5.4.4. Kebijakan strategis yang terkait dengan pengurangan tingkat

kesenjangan ekonomi antarwilayah kabupaten dan kota di Provinsi Banten. Dalam Perda No.11 tahun 2003, pada bab IV, tentang Pola Pengembangan Dan Pelaksanaan Program Pembangunan Serta Keikutsertaan Masyarakat, Bagian kesatu tentang Pola Pengembangan Program Pembangunan, Paragraf 2 Pasal 19 tentang Program Pengurangan Ketimpangan antardaerah. 1. Meningkatkan kerjasama antardaerah kabupaten atau kota untuk keserasian dan keterpaduan pembangunan antardaerah. 43 Damanhuri, 2010, Ekonomi Politik dan Pembangunan, IPB Press, Bogor, hal 119-120 Ayat 1 ini dapat diartikan bahwa pemerintah daerah Provinsi Banten melalui Perda ini, mengarahkan pembangunan ekonomi antarwilayah kabupaten dan kota agar dapat sama- sama mencapai kemajuan dan perkembangan yang seimbang sesuai dengan potensi daerahnya masing-masing.
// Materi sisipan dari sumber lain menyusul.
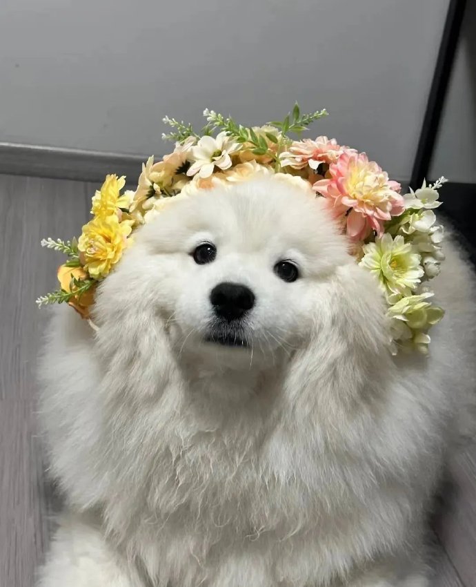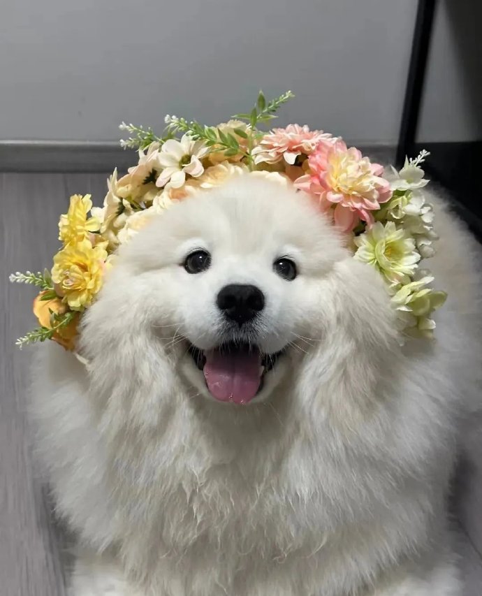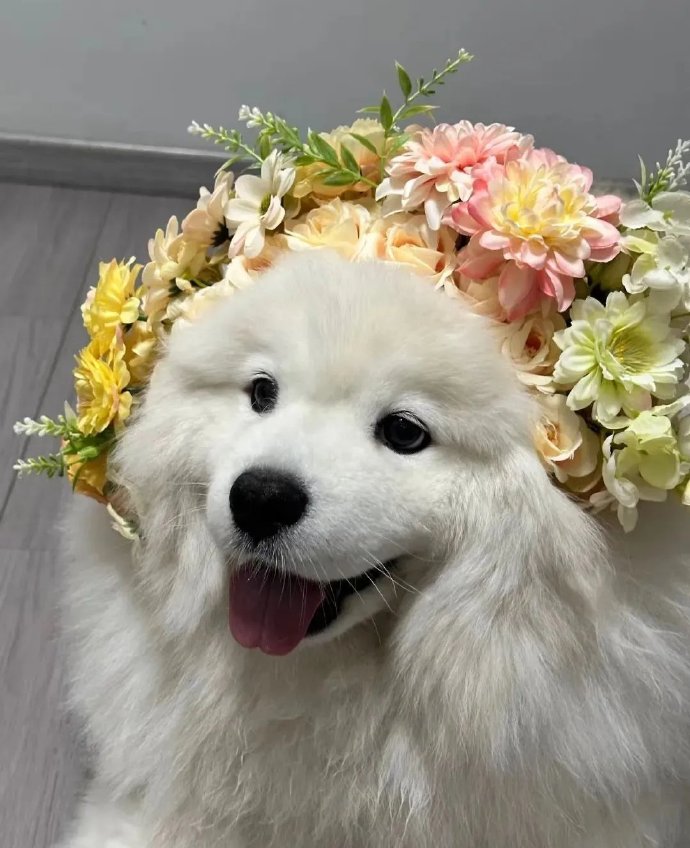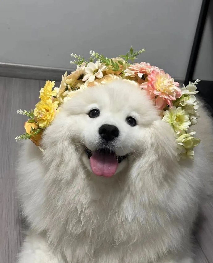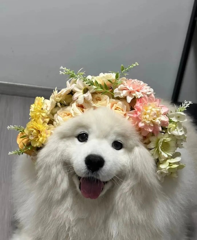给萨摩耶戴上簪花[烟花],秒变小仙女,美得不像样 它好像也知道自己很漂亮,笑得嘴都合不拢了,自恋型小狗哈哈
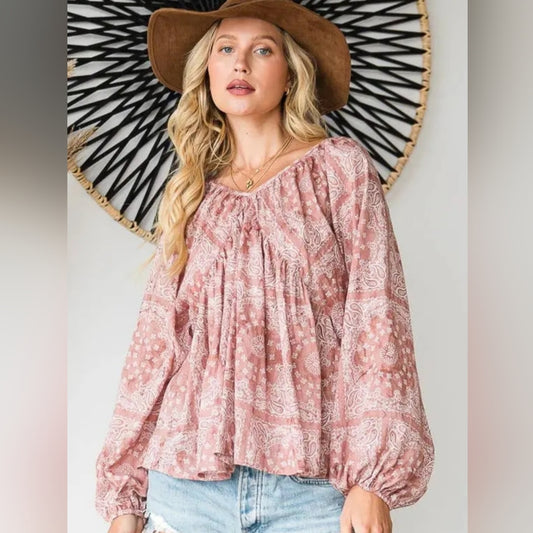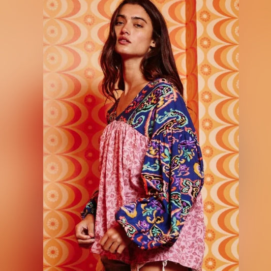 Bohemian Pink and Blue Patterned Women's Top
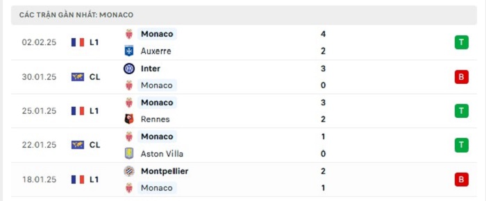 Phong độ gần đây Paris Saint-Germain vs Monaco
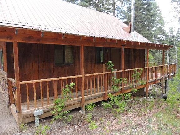 Located in Thompson Ridge Estates, this lovely wood cabin is your full-time home or your part-time escape. 1.3 acre lot. Enjoy views of Redondo Peak from your back yard. New wood flooring and bathroom remodels were done in 2012. Also included is an enormous 30x24 detached garage/workshop with fireplace.
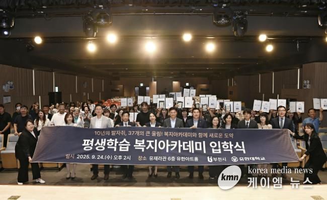 (케이엠뉴스) 부천시는 지난 24일 유한대학교에서 ‘부천시·유한대학교 복지아카데미’ 입학식과 업무협약식을 열었다. 이번 행사는 조용익 부천시장과 장은영 유한대학교 총장을 비롯해 37개 동 지역사회보장협의체 위원장 등 150여 명이 참석한 가운데 진행됐다.
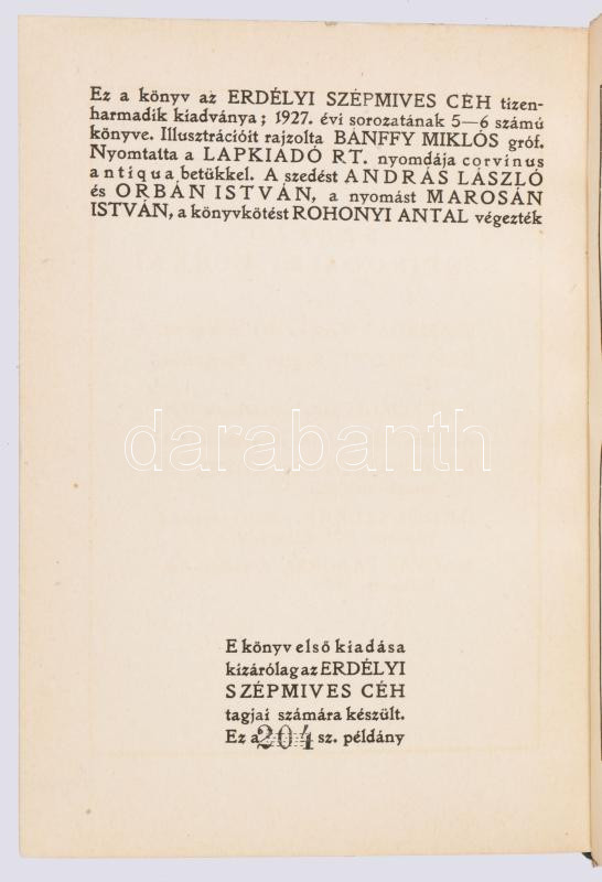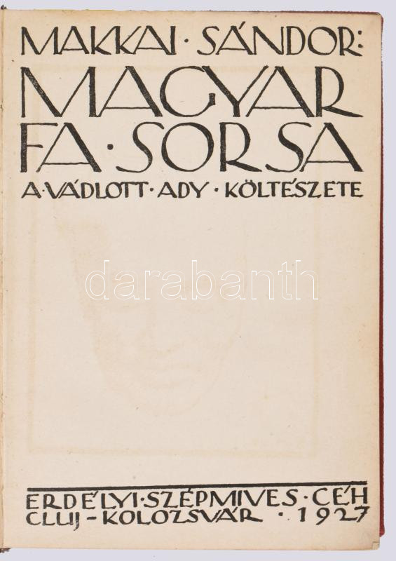 Makkai Sándor: Magyar fa sorsa. A vádlott Ady költészete. Cluj-Kolozsvár, 1927, Erdélyi Szépmíves Céh, (Lapkiadó-ny.), 144+4 +VI (Erdélyi Szépmíves Céh tagjainak névsora) p. Első, számozott, bibliofil kiadás. 204. számú példány. "Ez a könyv Ujságíró Klub Nagyvárad Számára készült, aki az Erdélyi Szépmíves Céh tagja." Oldalszámozáson belül Gróf Bánffy Miklós 4 fekete-fehér illusztrációjával.
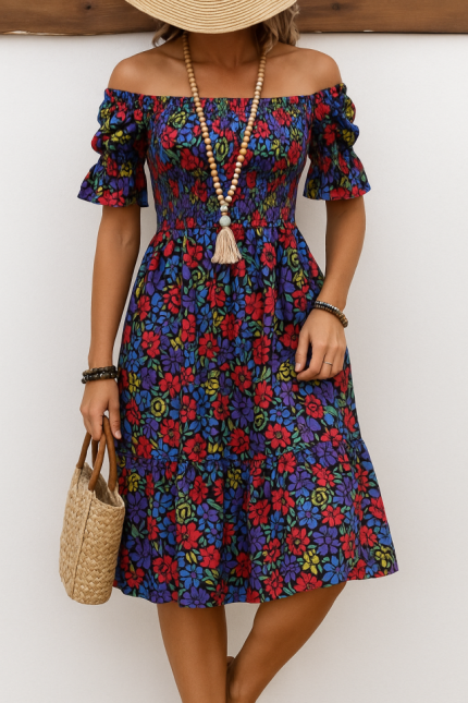 Kadın Kısa Kollu Bisiklet Yaka önden Fırfırlı Büzgülü Janjan Krep Kısa Elbise
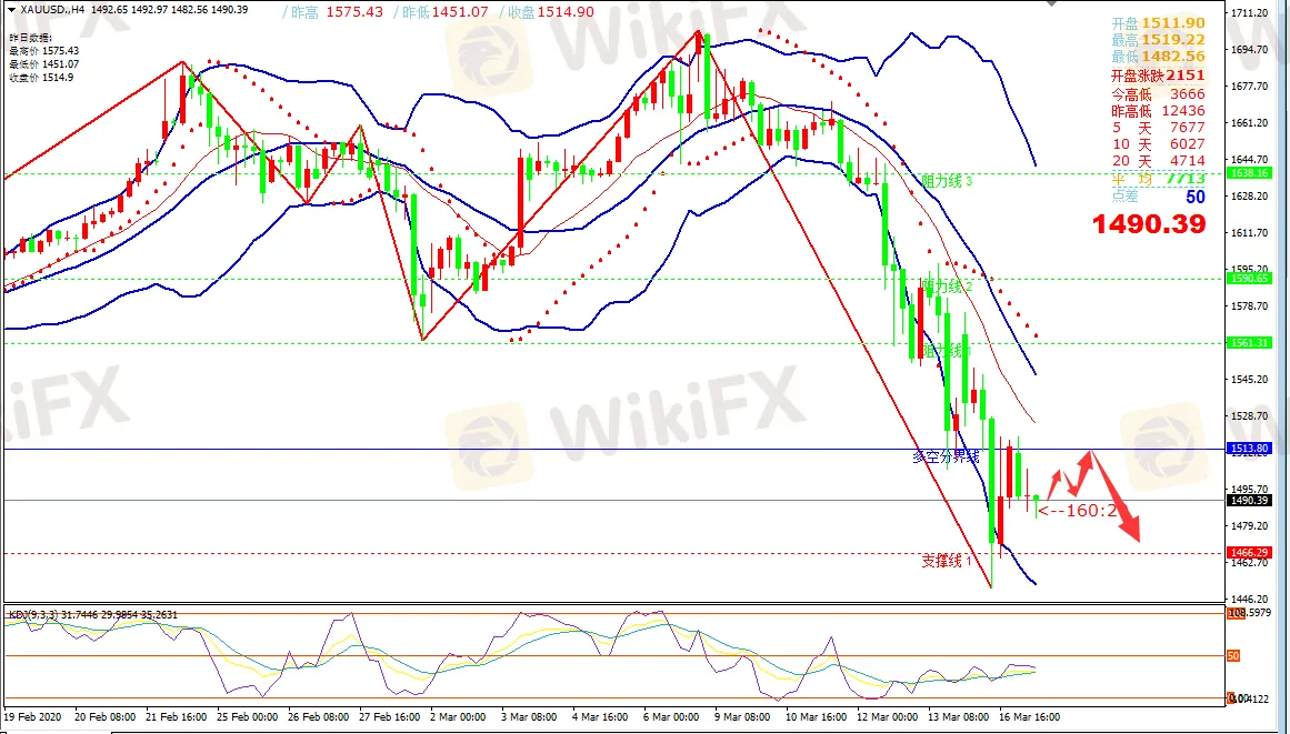 摘要:2020年3月17日 星期二周一开盘跳高,最高拉升1575.43美元/盎司,美盘继续大跌,最低1451.07美元/盎司,日线破纪录幅度跌破124美元,之后回调拉升,周二最高在1520美元/盎司附近遇到上方阻力,最低148

Pemerintah daerah Provinsi Banten juga mengarahkan agar adanya kerjasama yang baik antarwilayah kabupaten dan kota dalam melaksanakan kegiatan pembangunan, terutama bidang ekonomi, sehingga dapat mengurangi adanya ketimpangan ekonomi antarwilayah kabupaten dan kota di Provinsi Banten. 2. Meningkatkan pembinaan dan koordinasi antara aparat penegak hukum untuk meningkatkan pengawasan dan melindungi sumberdaya alam dari berbagai bentuk eksplorasi maupun eksplorasi liar, pencemaran dan perusakan dengan mengikutsertakan masyarakat. 3. Memformulasikan strategi pembangunan ekonomi baru yang berkelanjutan bagi Provinsi Banten bersama-sama dengan segenap potensi dan elemen masyarakat. Pada ayat 3 ini dapat diartikan bahwa kelanjutan dari point 1 sebelumnya, pemerintah daerah Provinsi Banten akan melaksanakan berbagai strategi kegiatan pembangunan, terutama untuk bidang ekonomi, yaitu strategi yang dapat mewujudkan penurunan tingkat ketimpangan ekonomi antarwilayah kabupaten dan kota secara berkelanjutan, dengan mengedepankan pemberdayaan potensi ekonomi daerah masing-masing.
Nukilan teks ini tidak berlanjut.